Il carciofo sul mercato è possibile reperirlo in due tipi di varietà:
- varietà autunnali caratterizzate da un capolino medio piccolo
- varietà primaverili caratterizzate da un capolino medio-grande.
In quest’ultime rientra il Carciofo di Paestum IGP ascrivibile al gruppo genetico del carciofo di tipo romanesco.
Quali sono le preparazioni erboristiche a base di carciofi?
La principale forma in cui si utilizzano le foglie di carciofo è il decotto.
“Le foglie vengono lasciate in ebollizione per 10/15 minuti, poi filtrate e il liquido bevuto prima o dopo i pasti (dopo i pasti per disturbi legati alla cattiva digestione)”, spiega Simona Otranto, erborista.
“Questa preparazione è piuttosto amara.
L’infuso, ossia la macerazione delle foglie in acqua bollente per 15/20 minuti risulta essere più gradevole ma meno efficace.
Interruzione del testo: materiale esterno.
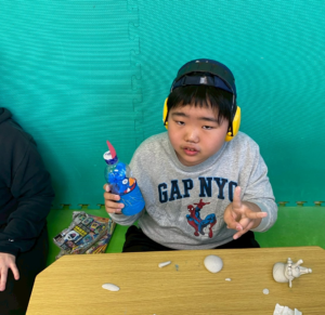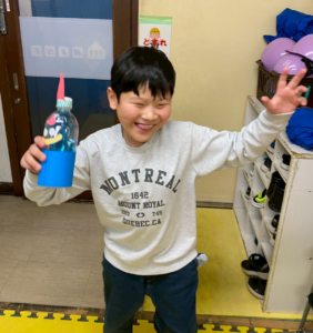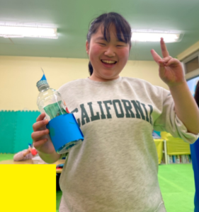 紙をペットボトルに貼るなどの細かい作業を交えながら工作を行いました。

La tintura è invece una soluzione idroalcolica ottenuta per macerazione delle foglie (fresche) in acqua e alcol a 65° per 5 giorni.
La moderna fitoterapia utilizza gli estratti secchi titolati preparati in laboratorio, sempre a partire dalle foglie, attraverso processi di estrazione, evaporazione del solvente, concentrazione rispetto a un principio attivo la cui quantità risulta standardizzata e costante”.